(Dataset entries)
· · · · ·
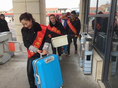 ?xml:namespace>。志愿者們身披綬帶深入各大站點(diǎn)、車場(chǎng),開(kāi)展站臺(tái)咨詢,導(dǎo)乘服務(wù),主動(dòng)扶老攜幼,為乘客兌換零錢,共發(fā)放乘車指南1000余份,深受乘客歡迎。圖為賈汪公司志愿者在幫助江蘇安全技術(shù)職業(yè)學(xué)院開(kāi)學(xué)返校的學(xué)生運(yùn)送行李。
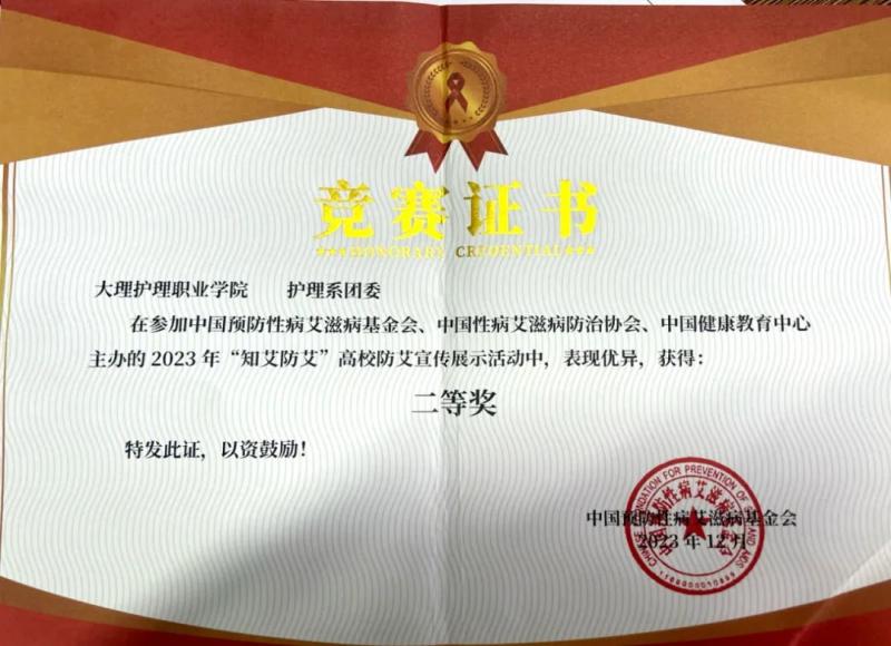 近日,KY开元集团官网入口护理系团委在由国家疾控局传防司、教育部体卫艺司指导,中国预防性病艾滋病基金会、中国性病艾滋病防治协会、中国健康教育中心主办的“2023年全国高校防艾宣传展示活动”中荣获“二等奖”。
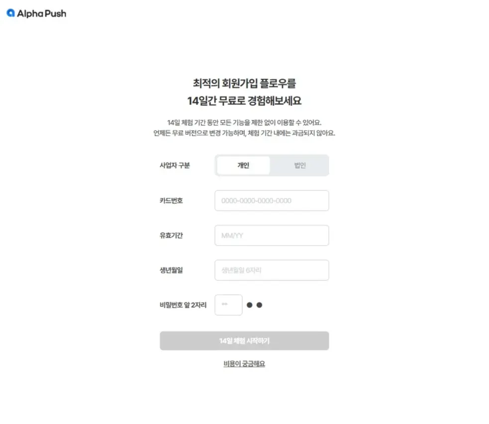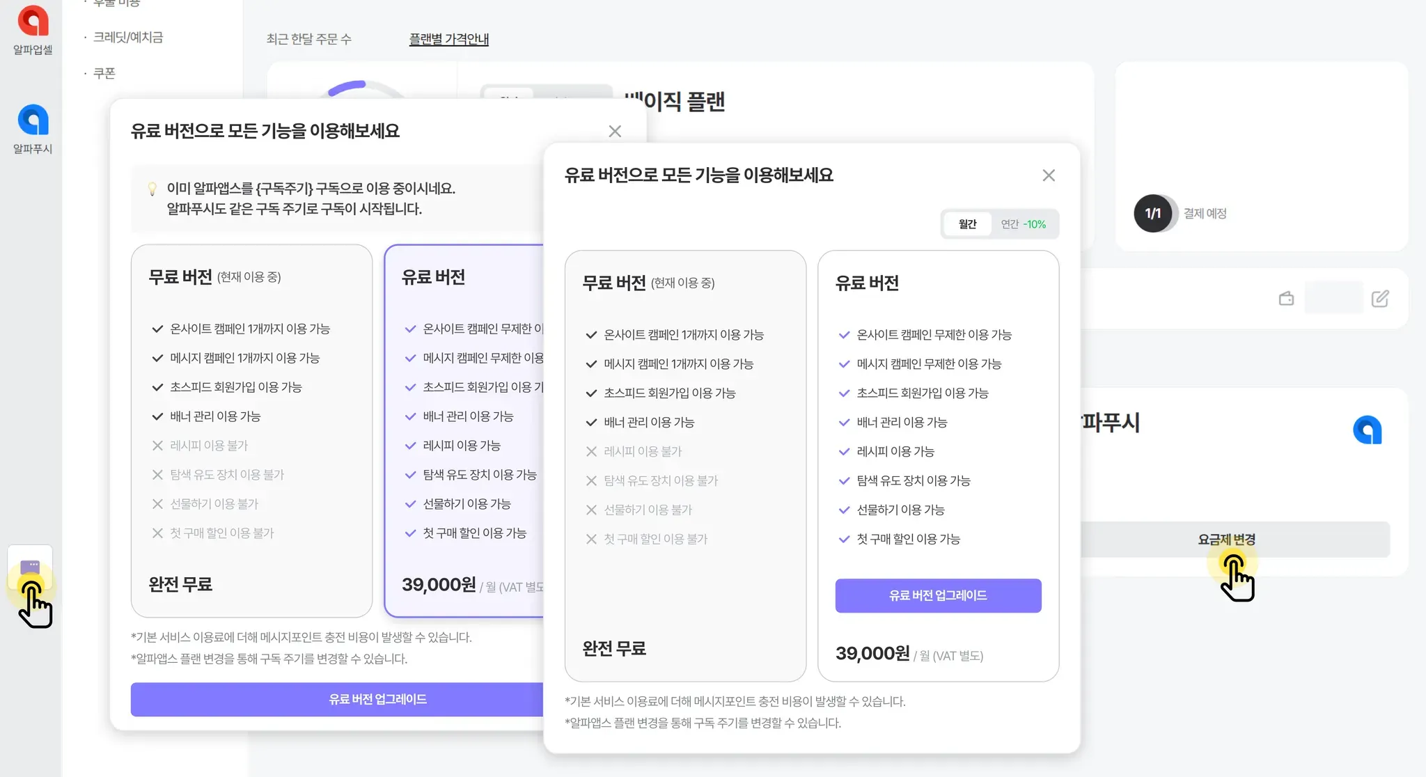 알파푸시는 재도입 시에 자동으로 무료 버전이 적용돼요. 유료 버전으로 사용하고 싶으시다면, 대시보드에서 구독 상태를 변경해 주세요.
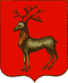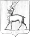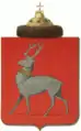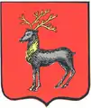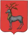 В червлёном (красном) поле серебряный олень, рога, грива и копыта золотые.
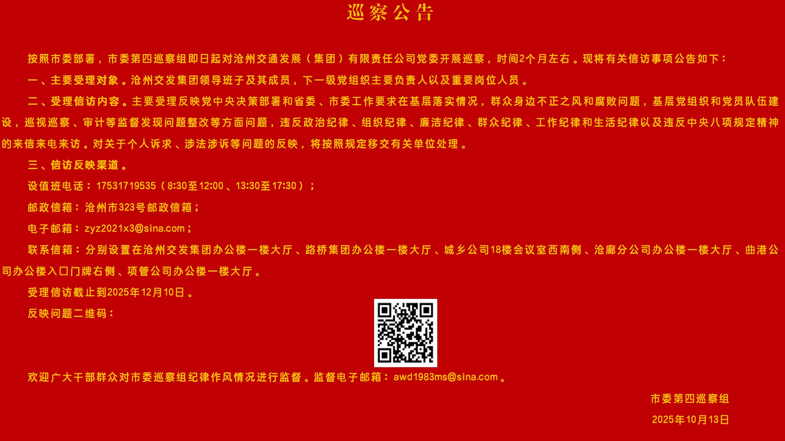 市委第四巡察組巡察 滄州交通發(fā)展(集團(tuán))有限責(zé)任公司黨委 工作動(dòng)員會(huì)召開(kāi)
· · · · ·
**TASK BRIEF**
Each entry is to be returned as it stands, and each picture is to be left out.

**EXPECTED ANSWER**
 ?xml:namespace>。志愿者們身披綬帶深入各大站點(diǎn)、車場(chǎng),開(kāi)展站臺(tái)咨詢,導(dǎo)乘服務(wù),主動(dòng)扶老攜幼,為乘客兌換零錢,共發(fā)放乘車指南1000余份,深受乘客歡迎。圖為賈汪公司志愿者在幫助江蘇安全技術(shù)職業(yè)學(xué)院開(kāi)學(xué)返校的學(xué)生運(yùn)送行李。
 近日,KY开元集团官网入口护理系团委在由国家疾控局传防司、教育部体卫艺司指导,中国预防性病艾滋病基金会、中国性病艾滋病防治协会、中国健康教育中心主办的“2023年全国高校防艾宣传展示活动”中荣获“二等奖”。
 알파푸시는 재도입 시에 자동으로 무료 버전이 적용돼요. 유료 버전으로 사용하고 싶으시다면, 대시보드에서 구독 상태를 변경해 주세요.
 В червлёном (красном) поле серебряный олень, рога, грива и копыта золотые.
 市委第四巡察組巡察 滄州交通發(fā)展(集團(tuán))有限責(zé)任公司黨委 工作動(dòng)員會(huì)召開(kāi)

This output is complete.